Pause a minute, before we plunge headlong into the skulduggery of Westminster protocol, debating apparently tiny verbal differences that would save not one of the many Gazan lives lost yesterday. In another parliament, the Knesset, they were also sitting and voting, and Benjamin Netanyahu was referring to “an overwhelming majority against the attempt to impose on us the establishment of a Palestinian state”. Pause and consider that, in the face of such obduracy, the two-state solution desired by most of the world will require united diplomacy and muscle. Now consider how here, this horror was exploited by those jockeying for position at the next election.
Will Sir Lindsay Hoyle survive as speaker? Until now, he has enjoyed respect across the house: dull, dutiful and proper after John Bercow’s Brexit fireworks. Yesterday, it seems to me, he did his honourable best to hold the ring fairly between the parties: all would have their motion, all would be debated and voted on. He would not allow cunning procedural use of the rulebook to deny a full debate.
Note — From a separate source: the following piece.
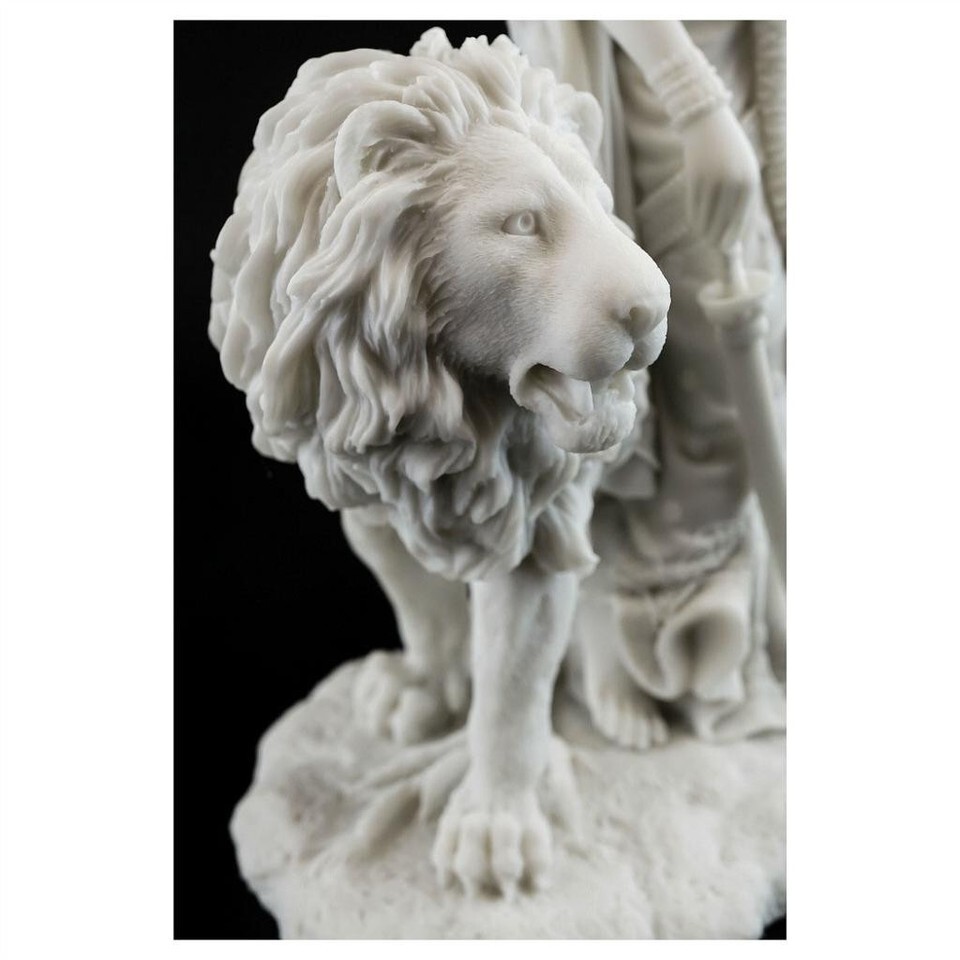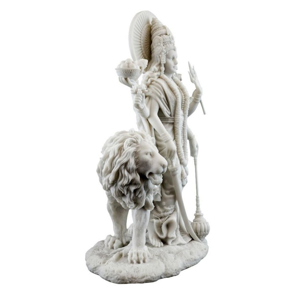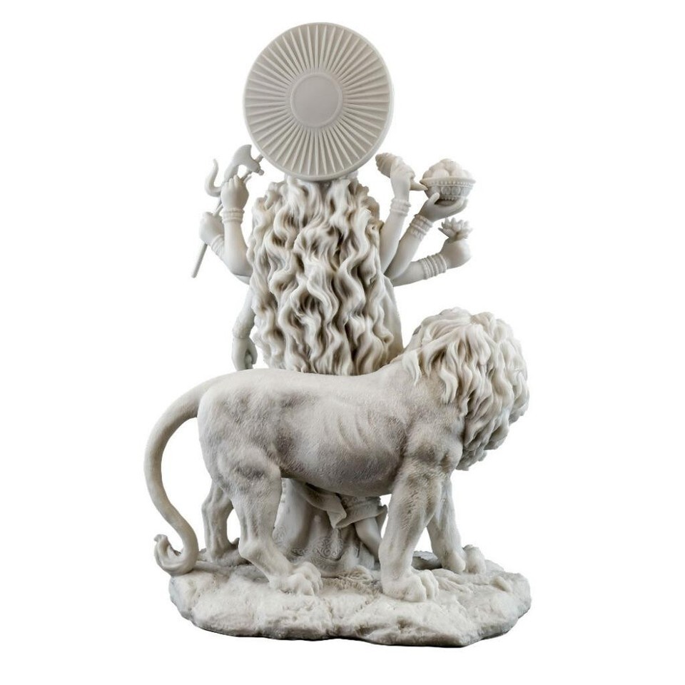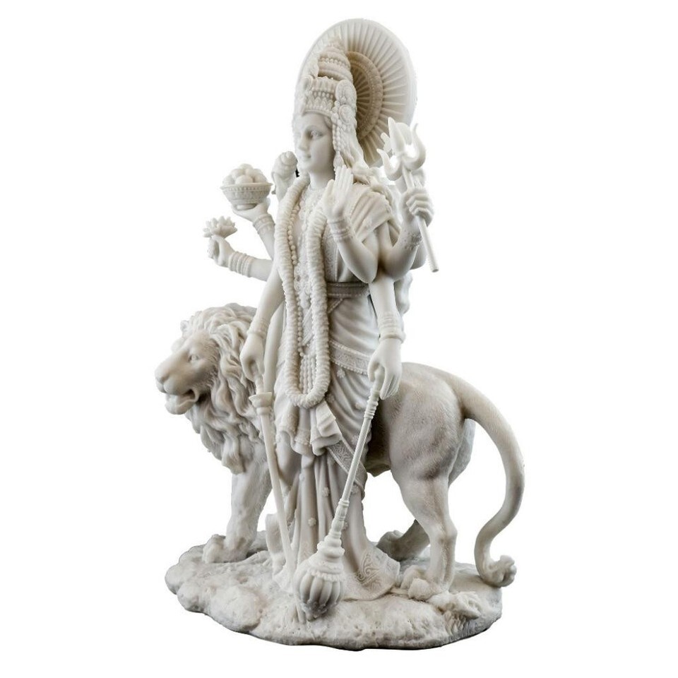 DURGA STATUE 11" Hindu Divine Mother Goddess Deity White Marble Finish Resin

The SNP motion was aimed in rousing language straight to the heart of Labour ranks. Brendan O’Hara, speaking for his party’s motion calling for a ceasefire, perorated magnificently: “We listened to the anguished pleas of innocent Palestinians begging for our help to make it stop. We listened to the anger of millions of people from across these islands.” But, unfortunately, it also listened to that urge to stick a knife in Labour’s sorest spot. Its motion blames Israel for inflicting “collective punishment” on the Gazans, which breaks international humanitarian law. Voting for that would split the UK from all its allies, break diplomacy with Israel and end the growing unity with bolder statements from the EU, US, New Zealand, Canada and Australia. The UK government’s puny weight, let alone the voice of its opposition, would have even less impact in future attempts at peace.
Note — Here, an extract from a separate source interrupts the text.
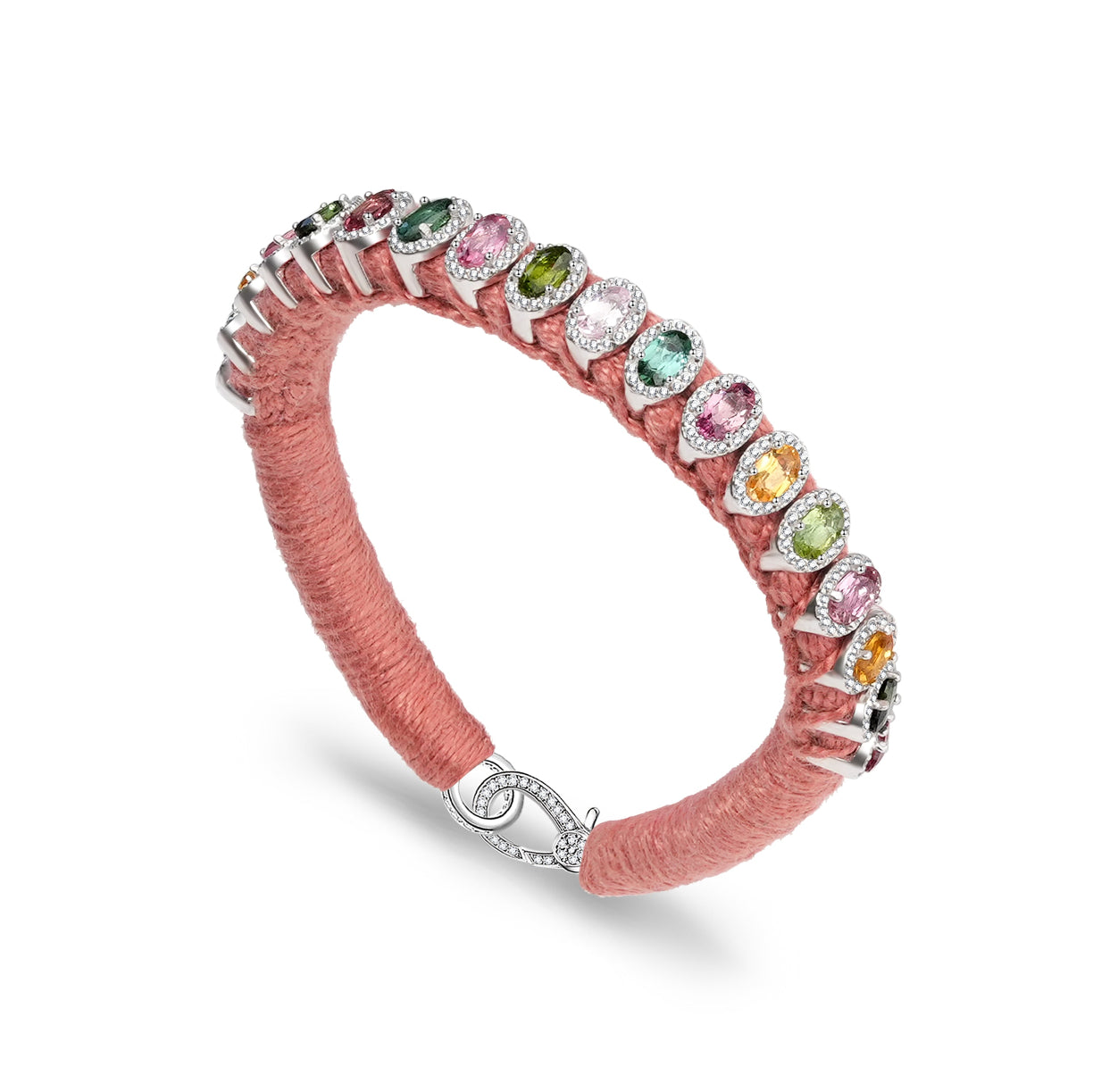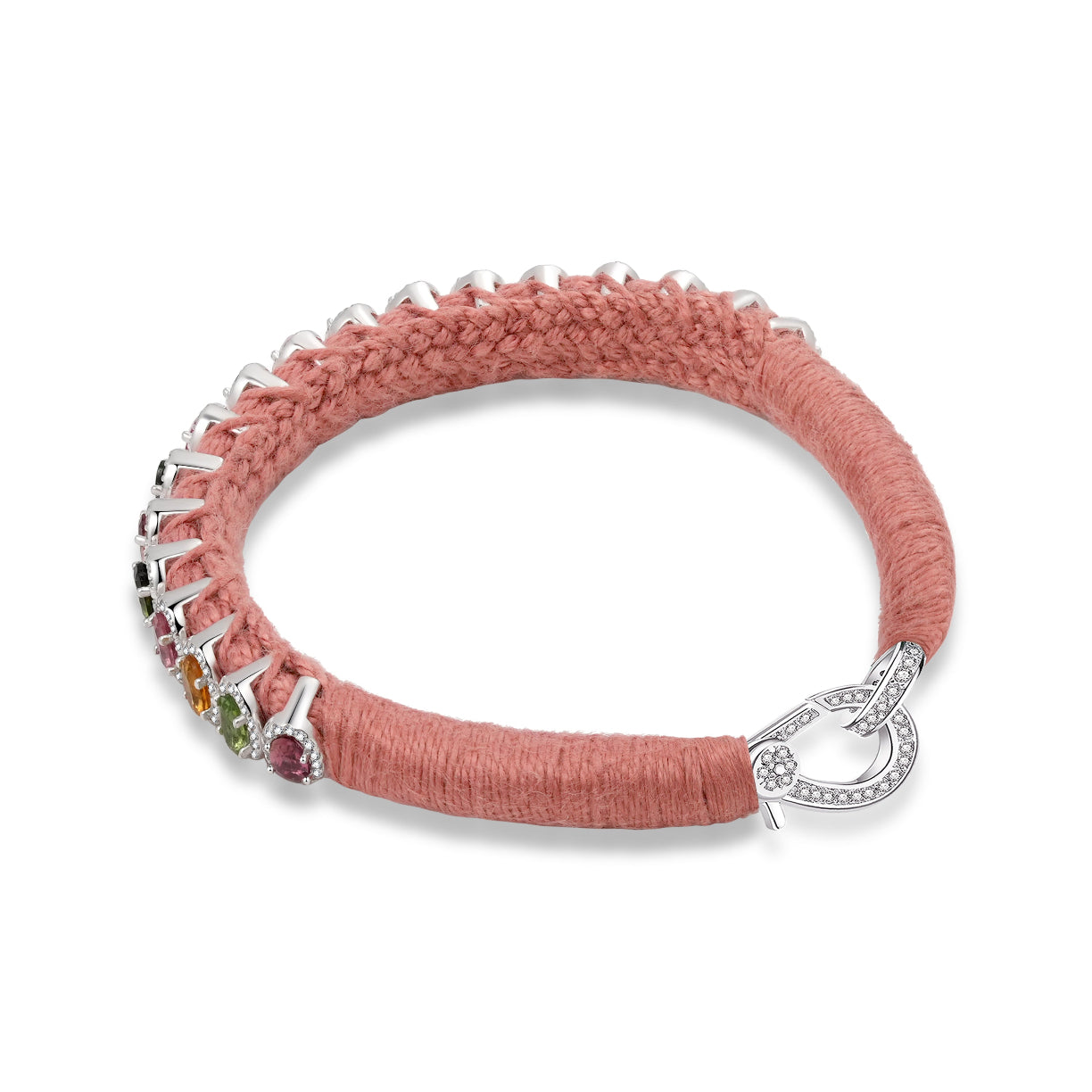 Bracelet fin en fil de coton tressé de couleur blush. Il est orné de multiples petits ovales en argent intégralement sertis de plus de 200 diamants et rehaussés, en leur centre, de Tourmalines multicolores.

Splitting Labour was the whole purpose of the SNP calling an opposition day debate on Gaza. Labour’s “immediate humanitarian ceasefire” motion went much further than before, but kept in step with allies also on the move: most Labour MPs would have backed it.
But the Tories skewered it using arcane procedure: by putting up their own motion, the rules said that Labour’s would be knocked out, which would force Labour MPs to vote for the SNP motion or abstain, resulting in a potentially huge rebellion. I hope I’m wrong, but I doubt that in the back rooms of SNP or Tory strategists, anyone was talking dead babies. Nor, I expect, was Labour, struggling to find a way out of this Tory/SNP trap. A rebellion by more than 100 MPs, pressed hard in their constituencies, would have been badly damaging. The protocol trumped everything.
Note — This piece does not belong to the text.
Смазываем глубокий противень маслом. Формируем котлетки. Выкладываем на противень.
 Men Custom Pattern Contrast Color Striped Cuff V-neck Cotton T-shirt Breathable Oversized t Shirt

Hullaballoo followed Hoyle’s decision to let all the motions through. Labour’s motion passed and Starmer, politically, is relatively unscathed. He seems to be learning to bend as far as he can to keep all wings together, a good sign he is not captured by the adamants advising him from the old Blair camp. But there was no honour to be had in any of this.
Hurt, slightly bewildered, Hoyle crept back to the Commons to apologise for breaking parliamentary convention. Labour had told him its MPs were under threat, afraid of attacks on their families and their security being at risk if they couldn’t register publicly that they had voted for an “immediate humanitarian ceasefire”. This, say Hoyle’s people, was a pressure that weighed heavily on him.
And if that’s true, that is more serious than anything else that happened in the Commons chaos of yesterday: that MPs, and even their party leaders, are saying they are under such threat, so physically intimidated, that they felt they must vote in a particular way. The speaker seemed to endorse that as a good reason for allowing them the chance to cast a vote under threat. Pause and think about that: it really is a sinister new low.